-- DATA PROVIDED follows --
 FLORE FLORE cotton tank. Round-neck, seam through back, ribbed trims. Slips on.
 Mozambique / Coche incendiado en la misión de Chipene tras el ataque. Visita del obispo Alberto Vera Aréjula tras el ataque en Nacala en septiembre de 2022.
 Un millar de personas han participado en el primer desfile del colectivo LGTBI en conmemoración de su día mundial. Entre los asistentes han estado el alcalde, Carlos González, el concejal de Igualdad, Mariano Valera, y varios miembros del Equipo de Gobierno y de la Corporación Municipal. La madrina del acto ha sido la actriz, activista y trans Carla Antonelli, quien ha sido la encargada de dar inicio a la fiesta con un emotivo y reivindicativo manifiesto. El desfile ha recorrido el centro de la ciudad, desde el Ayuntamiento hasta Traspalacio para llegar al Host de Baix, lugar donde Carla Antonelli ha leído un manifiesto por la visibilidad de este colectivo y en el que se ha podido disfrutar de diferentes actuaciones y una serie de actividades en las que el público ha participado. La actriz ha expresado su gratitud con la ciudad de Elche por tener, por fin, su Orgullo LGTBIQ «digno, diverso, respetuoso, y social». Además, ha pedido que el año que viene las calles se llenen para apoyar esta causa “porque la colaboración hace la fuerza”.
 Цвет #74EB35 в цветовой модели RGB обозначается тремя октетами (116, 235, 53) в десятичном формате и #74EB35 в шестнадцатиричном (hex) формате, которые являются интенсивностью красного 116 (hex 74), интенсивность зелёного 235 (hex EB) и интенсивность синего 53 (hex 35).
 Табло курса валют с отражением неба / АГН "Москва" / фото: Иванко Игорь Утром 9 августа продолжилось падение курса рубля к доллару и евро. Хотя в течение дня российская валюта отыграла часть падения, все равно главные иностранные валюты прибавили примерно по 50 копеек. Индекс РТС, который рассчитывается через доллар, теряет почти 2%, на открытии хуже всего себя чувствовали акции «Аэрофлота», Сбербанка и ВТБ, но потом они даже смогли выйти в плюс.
-- DATA PROVIDED concluded --
-- DATA PROVIDED follows --
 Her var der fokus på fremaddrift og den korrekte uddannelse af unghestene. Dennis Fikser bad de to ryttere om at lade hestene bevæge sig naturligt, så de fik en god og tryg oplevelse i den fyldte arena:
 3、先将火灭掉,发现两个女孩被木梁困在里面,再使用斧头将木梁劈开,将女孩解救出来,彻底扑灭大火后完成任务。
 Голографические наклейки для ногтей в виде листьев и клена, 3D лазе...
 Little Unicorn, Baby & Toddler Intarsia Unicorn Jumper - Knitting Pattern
-- DATA PROVIDED concluded --
-- DATA PROVIDED follows --
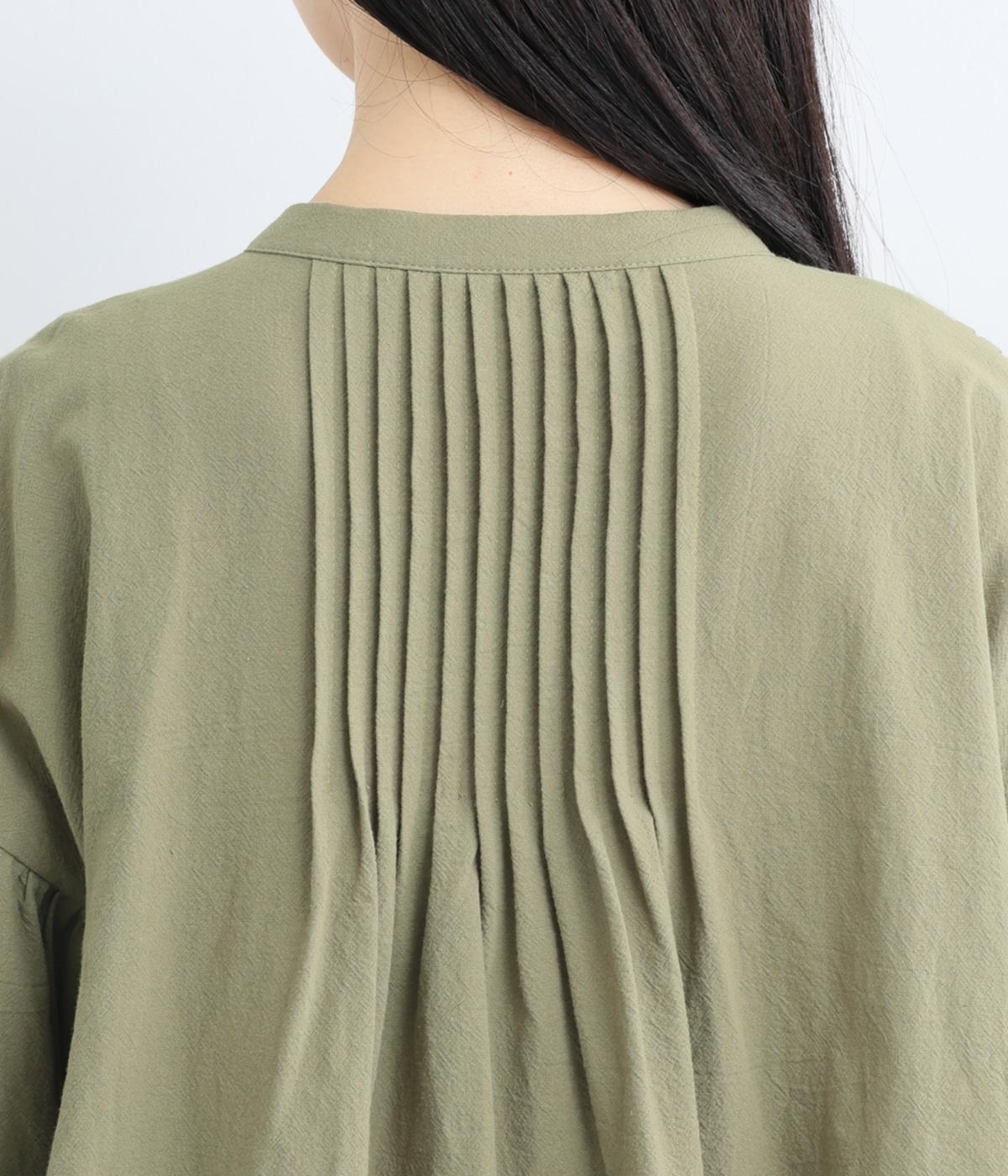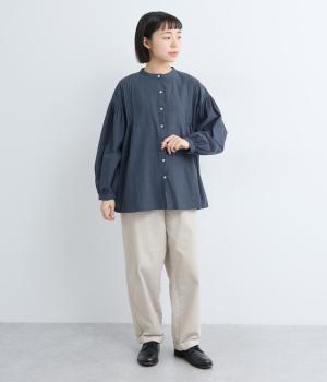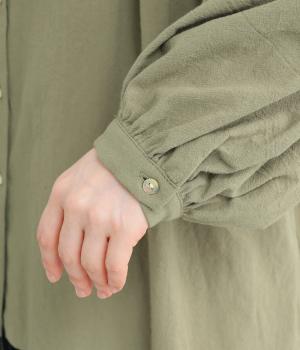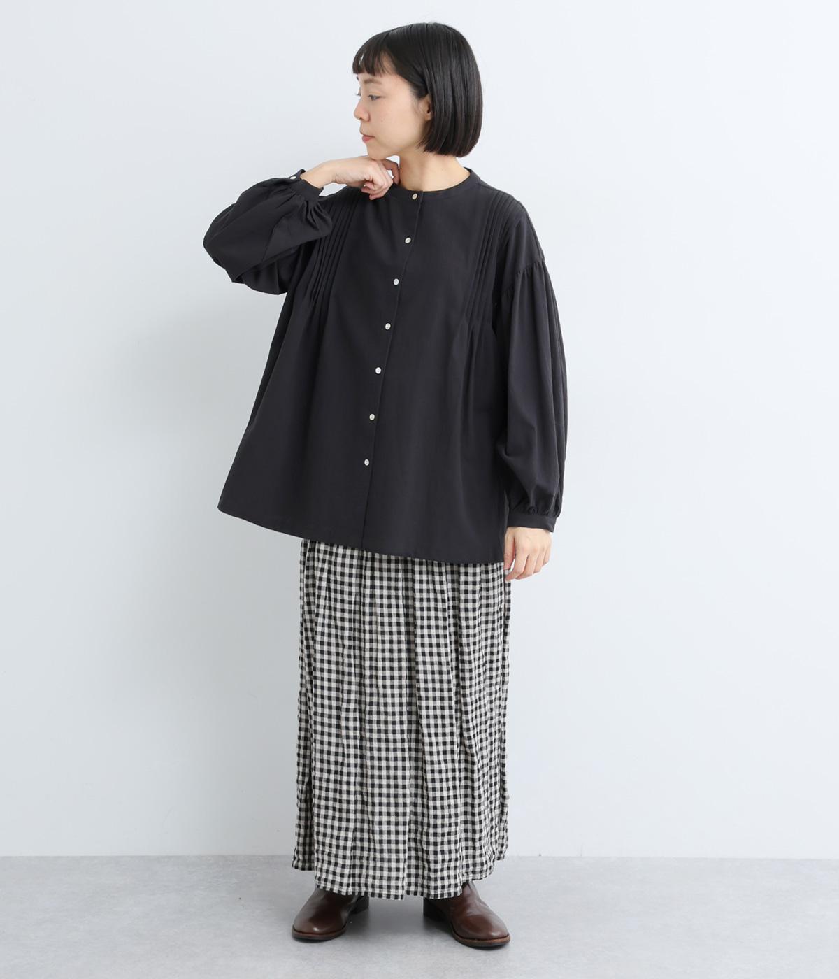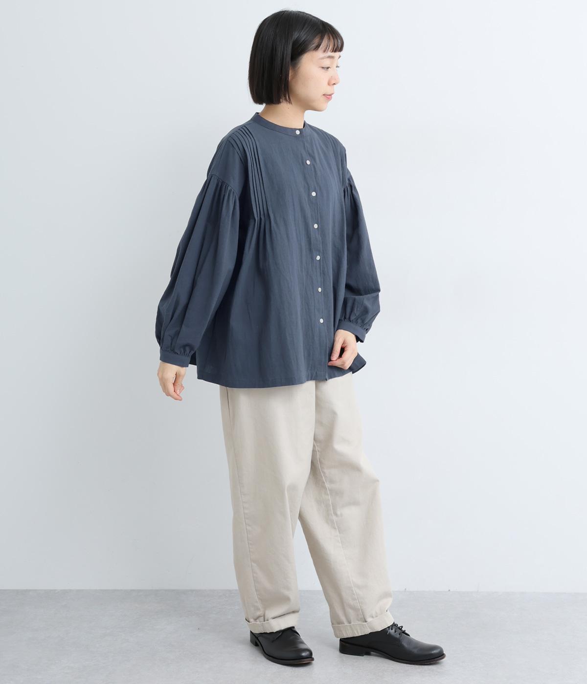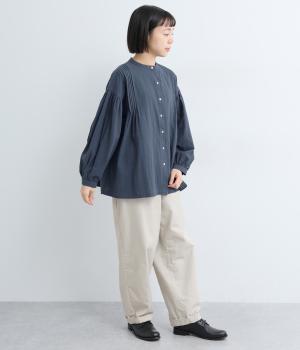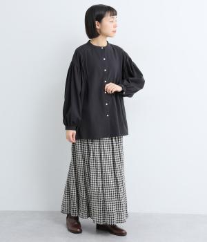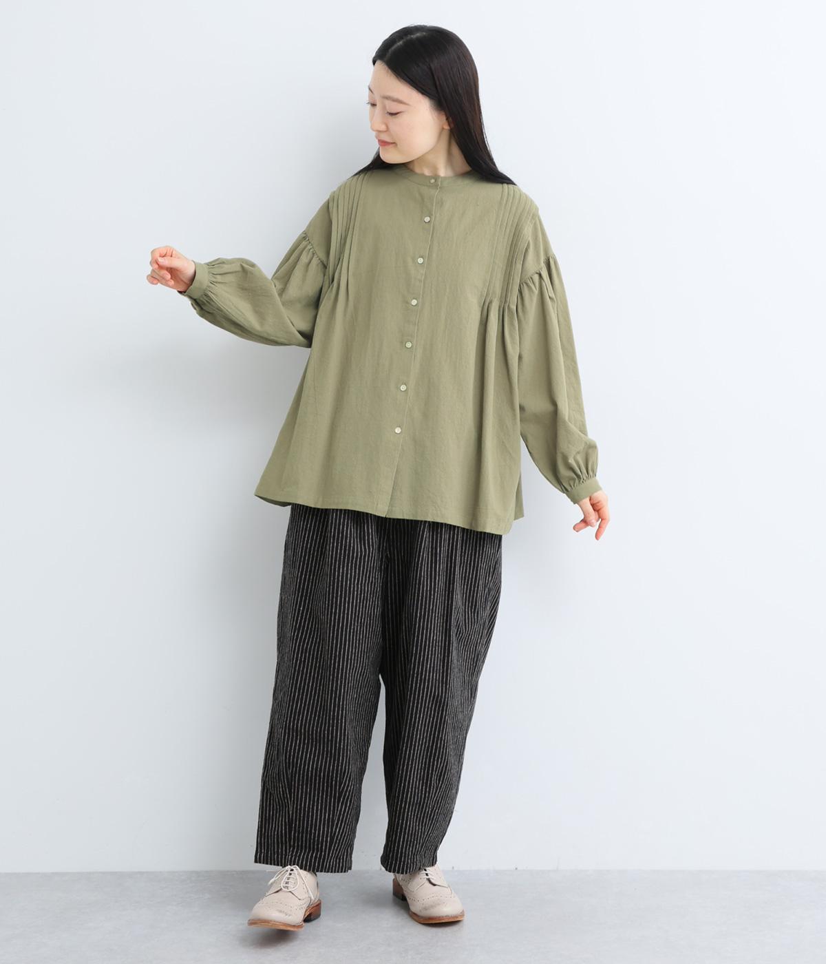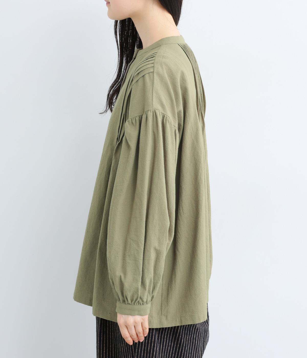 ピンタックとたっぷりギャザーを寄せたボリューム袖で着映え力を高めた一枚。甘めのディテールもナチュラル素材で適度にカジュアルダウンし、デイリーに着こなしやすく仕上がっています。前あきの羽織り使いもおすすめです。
-- DATA PROVIDED concluded --
WHAT TO DO –
Give only the lines from the one holding "FLORE FLORE cotton" through the one holding "Цвет #74EB35 в", each restated exactly as it appears above.

ANSWER TO THIS PROBLEM –
 FLORE FLORE cotton tank. Round-neck, seam through back, ribbed trims. Slips on.
 Mozambique / Coche incendiado en la misión de Chipene tras el ataque. Visita del obispo Alberto Vera Aréjula tras el ataque en Nacala en septiembre de 2022.
 Un millar de personas han participado en el primer desfile del colectivo LGTBI en conmemoración de su día mundial. Entre los asistentes han estado el alcalde, Carlos González, el concejal de Igualdad, Mariano Valera, y varios miembros del Equipo de Gobierno y de la Corporación Municipal. La madrina del acto ha sido la actriz, activista y trans Carla Antonelli, quien ha sido la encargada de dar inicio a la fiesta con un emotivo y reivindicativo manifiesto. El desfile ha recorrido el centro de la ciudad, desde el Ayuntamiento hasta Traspalacio para llegar al Host de Baix, lugar donde Carla Antonelli ha leído un manifiesto por la visibilidad de este colectivo y en el que se ha podido disfrutar de diferentes actuaciones y una serie de actividades en las que el público ha participado. La actriz ha expresado su gratitud con la ciudad de Elche por tener, por fin, su Orgullo LGTBIQ «digno, diverso, respetuoso, y social». Además, ha pedido que el año que viene las calles se llenen para apoyar esta causa “porque la colaboración hace la fuerza”.
 Цвет #74EB35 в цветовой модели RGB обозначается тремя октетами (116, 235, 53) в десятичном формате и #74EB35 в шестнадцатиричном (hex) формате, которые являются интенсивностью красного 116 (hex 74), интенсивность зелёного 235 (hex EB) и интенсивность синего 53 (hex 35).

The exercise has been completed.